Other defenses possibly exist. I would suggest speaking to an attorney experienced in landlord/tenant litigation for his or her thoughts. Once you determine what defenses you may have, contact the owner's attorney and make an offer to resolve the dispute. It will likely cost you thousands of dollars to litigate this matter; plus, the fact is that if you lose, you will probably have to not only pay your attorney, but the owner's attorney as well.
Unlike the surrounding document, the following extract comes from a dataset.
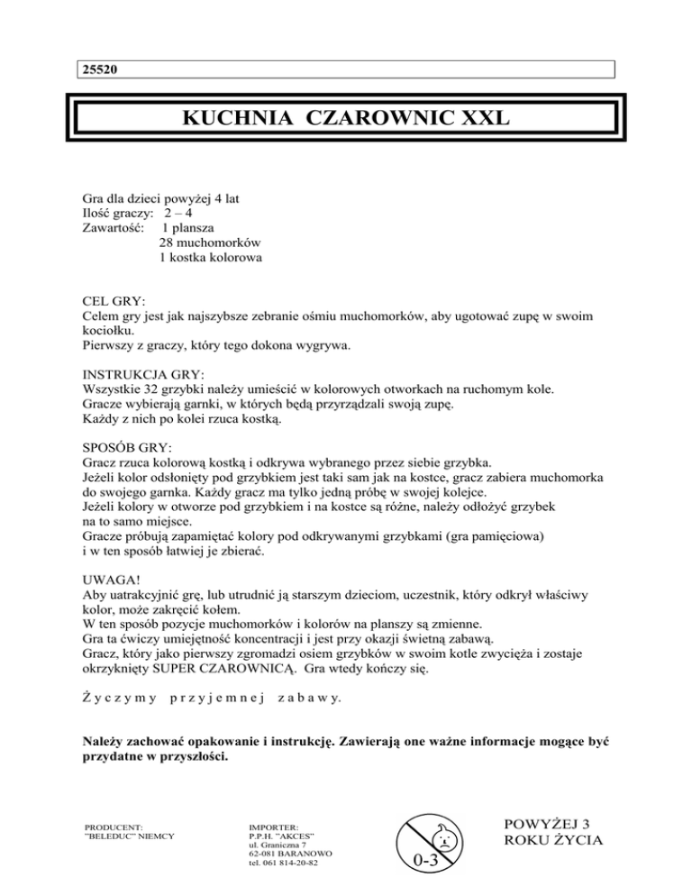 25520 KUCHNIA CZAROWNIC XXL Gra dla dzieci powyżej 4 lat Ilość graczy: 2 – 4 Zawartość: 1 plansza 28 muchomorków 1 kostka kolorowa CEL GRY: Celem gry jest jak najszybsze zebranie ośmiu muchomorków, aby ugotować zupę w swoim kociołku. Pierwszy z graczy, który tego dokona wygrywa. INSTRUKCJA GRY: Wszystkie 32 grzybki należy umieścić w kolorowych otworkach na ruchomym kole. Gracze wybierają garnki, w których będą przyrządzali swoją zupę. Każdy z nich po kolei rzuca kostką. SPOSÓB GRY: Gracz rzuca kolorową kostką i odkrywa wybranego przez siebie grzybka. Jeżeli kolor odsłonięty pod grzybkiem jest taki sam jak na kostce, gracz zabiera muchomorka do swojego garnka. Każdy gracz ma tylko jedną próbę w swojej kolejce. Jeżeli kolory w otworze pod grzybkiem i na kostce są różne, należy odłożyć grzybek na to samo miejsce. Gracze próbują zapamiętać kolory pod odkrywanymi grzybkami (gra pamięciowa) i w ten sposób łatwiej je zbierać. UWAGA! Aby uatrakcyjnić grę, lub utrudnić ją starszym dzieciom, uczestnik, który odkrył właściwy kolor, może zakręcić kołem. W ten sposób pozycje muchomorków i kolorów na planszy są zmienne. Gra ta ćwiczy umiejętność koncentracji i jest przy okazji świetną zabawą. Gracz, który jako pierwszy zgromadzi osiem grzybków w swoim kotle zwycięża i zostaje okrzyknięty SUPER CZAROWNICĄ. Gra wtedy kończy się. Życzymy przyjemnej z a b a w y. Należy zachować opakowanie i instrukcję. Zawierają one ważne informacje mogące być przydatne w przyszłości. PRODUCENT: ”BELEDUC” NIEMCY IMPORTER: P.P.H. ”AKCES” ul. Graniczna 7 62-081 BARANOWO tel. 061 814-20-82 POWYŻEJ 3 ROKU ŻYCIA

Q: I am being transferred and my wife and I have sold our home in Barrington. The sale is being handled by the relocation company and their attorney, who I don't believe has done much work in Illinois. Our buyer is asking that the 2022 real estate taxes be prorated at 135% of the last known (2020) tax bill. The attorney explained to me that our assessed valuation rose 36% from 2021 to 2022, hence the request.

Does the rise in assessed valuation automatically result in a similar rise in the tax bill? Any arguments I can make to counter this request?

A: Your real estate tax bill has three components prior to any exemptions being applied: the assessed valuation, the state multiplier and the tax rate. Multipliers and tax rates usually don't move much. The rise and fall of the assessed valuation of a property is usually the most significant factor in determining where your tax bill is heading.

As you will be responsible for most if not all of the 2022 tax bill, it is not surprising your buyer wants to ensure that he or she receives a credit at closing sufficient to cover the actual tax bill. One popular way to avoid, at least temporarily, the large tax credit at closing would be to have your attorney hold, from the sales proceeds, the difference between a 135% tax credit and whatever credit you agree to give the buyer at closing. Then, once the 2022 tax bill comes out next year, determine your actual obligation and pay the buyer, from the escrow, the difference between the credit received by the buyer at closing and the actual 2022 tax obligation.